**PROVIDED DATA**
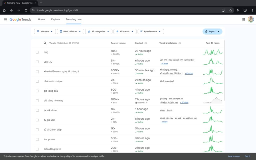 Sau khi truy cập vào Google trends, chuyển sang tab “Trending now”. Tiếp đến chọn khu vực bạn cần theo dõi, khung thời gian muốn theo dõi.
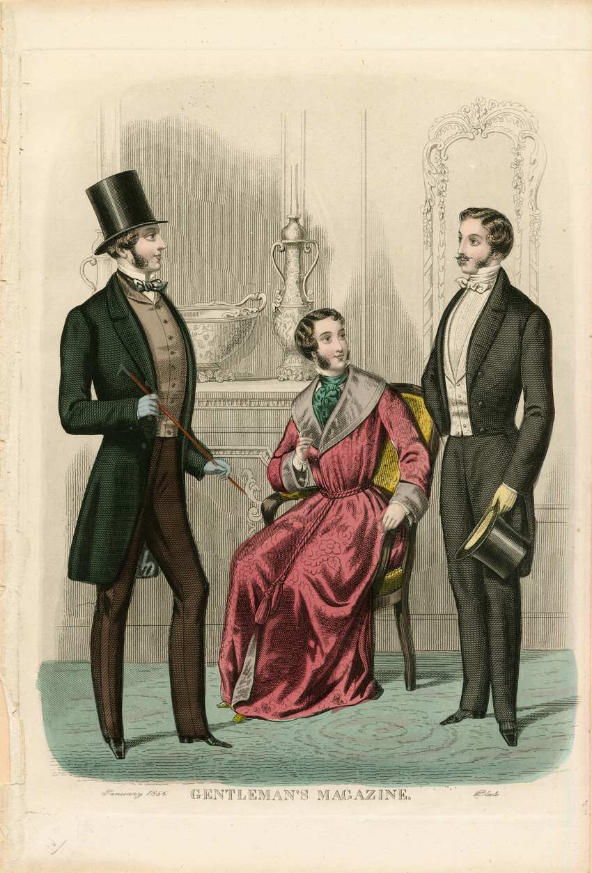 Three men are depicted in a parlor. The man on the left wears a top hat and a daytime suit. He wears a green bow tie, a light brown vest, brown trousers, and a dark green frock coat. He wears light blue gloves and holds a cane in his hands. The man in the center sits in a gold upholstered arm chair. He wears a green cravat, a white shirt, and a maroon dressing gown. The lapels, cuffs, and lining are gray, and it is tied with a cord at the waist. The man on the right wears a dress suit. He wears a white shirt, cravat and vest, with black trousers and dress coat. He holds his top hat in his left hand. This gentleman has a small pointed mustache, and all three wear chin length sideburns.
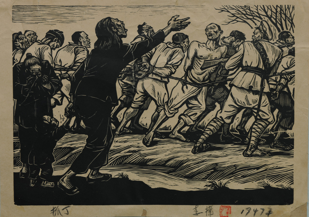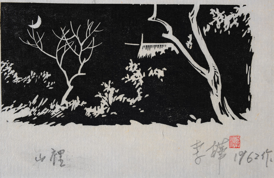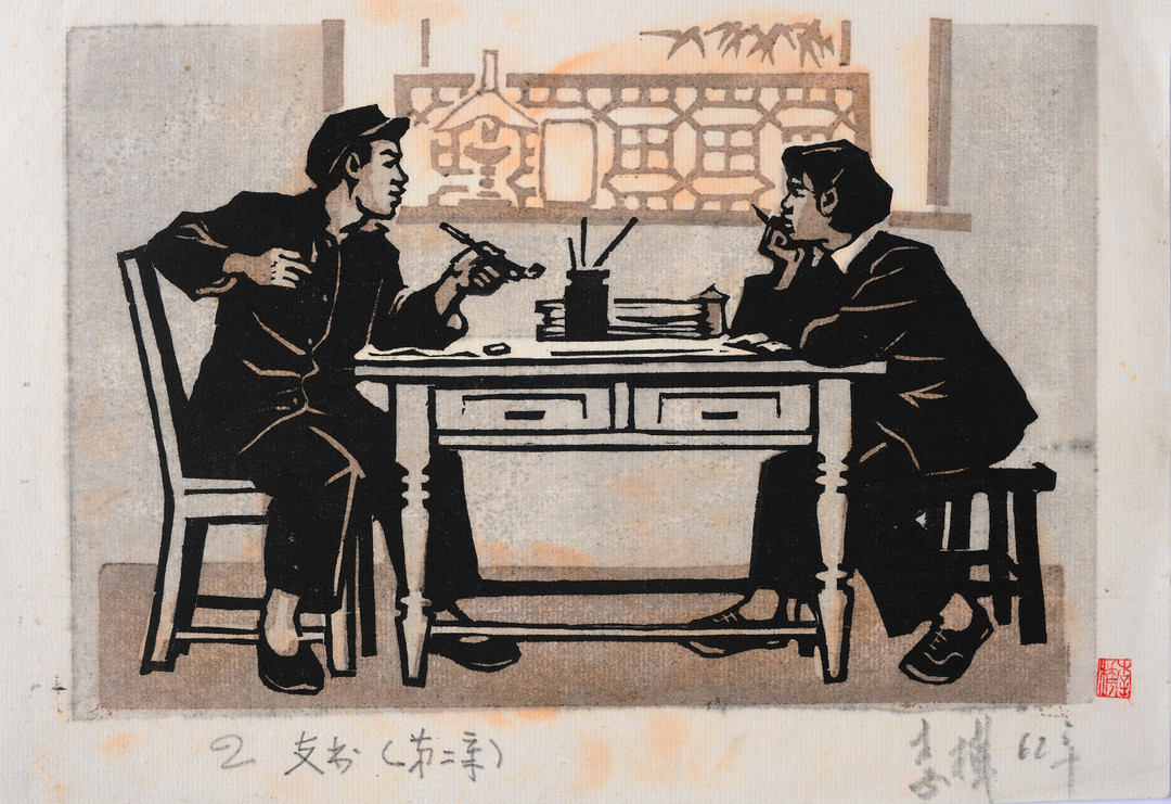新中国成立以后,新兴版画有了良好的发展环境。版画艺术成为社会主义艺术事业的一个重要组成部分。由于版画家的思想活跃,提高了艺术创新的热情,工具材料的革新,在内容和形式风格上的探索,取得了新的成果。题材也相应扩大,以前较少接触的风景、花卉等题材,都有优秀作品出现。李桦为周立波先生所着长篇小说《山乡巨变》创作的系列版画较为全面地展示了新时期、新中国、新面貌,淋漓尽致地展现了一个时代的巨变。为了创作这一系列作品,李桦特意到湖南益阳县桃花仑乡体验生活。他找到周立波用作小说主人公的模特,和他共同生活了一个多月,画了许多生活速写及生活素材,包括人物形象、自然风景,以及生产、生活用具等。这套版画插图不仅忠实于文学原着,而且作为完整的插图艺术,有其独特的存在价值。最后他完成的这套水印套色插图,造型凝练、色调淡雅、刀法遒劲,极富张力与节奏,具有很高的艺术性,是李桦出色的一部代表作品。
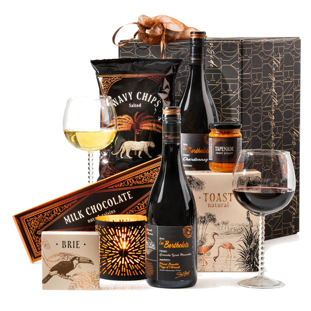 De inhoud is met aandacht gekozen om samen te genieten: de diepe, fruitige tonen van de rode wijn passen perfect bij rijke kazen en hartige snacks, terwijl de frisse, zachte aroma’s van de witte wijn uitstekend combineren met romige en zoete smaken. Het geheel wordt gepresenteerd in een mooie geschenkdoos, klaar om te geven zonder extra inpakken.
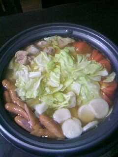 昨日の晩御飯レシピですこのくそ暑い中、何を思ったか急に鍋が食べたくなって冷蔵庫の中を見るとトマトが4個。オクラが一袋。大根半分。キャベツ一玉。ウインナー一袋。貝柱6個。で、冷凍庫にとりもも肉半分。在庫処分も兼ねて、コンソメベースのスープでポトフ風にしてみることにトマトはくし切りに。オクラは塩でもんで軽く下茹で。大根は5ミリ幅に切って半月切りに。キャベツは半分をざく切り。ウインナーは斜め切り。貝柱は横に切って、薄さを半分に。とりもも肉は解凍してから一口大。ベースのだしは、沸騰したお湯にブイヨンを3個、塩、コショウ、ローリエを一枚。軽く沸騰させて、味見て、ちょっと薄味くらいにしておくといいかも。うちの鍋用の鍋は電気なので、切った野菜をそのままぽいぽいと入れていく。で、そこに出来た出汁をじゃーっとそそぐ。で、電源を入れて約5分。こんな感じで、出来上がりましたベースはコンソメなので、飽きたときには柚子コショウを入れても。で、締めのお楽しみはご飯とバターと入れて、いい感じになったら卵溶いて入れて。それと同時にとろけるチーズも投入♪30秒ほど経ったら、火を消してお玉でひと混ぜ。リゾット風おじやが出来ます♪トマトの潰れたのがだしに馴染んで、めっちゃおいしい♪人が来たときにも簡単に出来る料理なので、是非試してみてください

**TASK PROMPT**
Begin at the top of the material above and output each line exactly, stopping after the line that holds "Three men are". Leave out pictures.

**TASK ANSWER**
 Sau khi truy cập vào Google trends, chuyển sang tab “Trending now”. Tiếp đến chọn khu vực bạn cần theo dõi, khung thời gian muốn theo dõi.
 Three men are depicted in a parlor. The man on the left wears a top hat and a daytime suit. He wears a green bow tie, a light brown vest, brown trousers, and a dark green frock coat. He wears light blue gloves and holds a cane in his hands. The man in the center sits in a gold upholstered arm chair. He wears a green cravat, a white shirt, and a maroon dressing gown. The lapels, cuffs, and lining are gray, and it is tied with a cord at the waist. The man on the right wears a dress suit. He wears a white shirt, cravat and vest, with black trousers and dress coat. He holds his top hat in his left hand. This gentleman has a small pointed mustache, and all three wear chin length sideburns.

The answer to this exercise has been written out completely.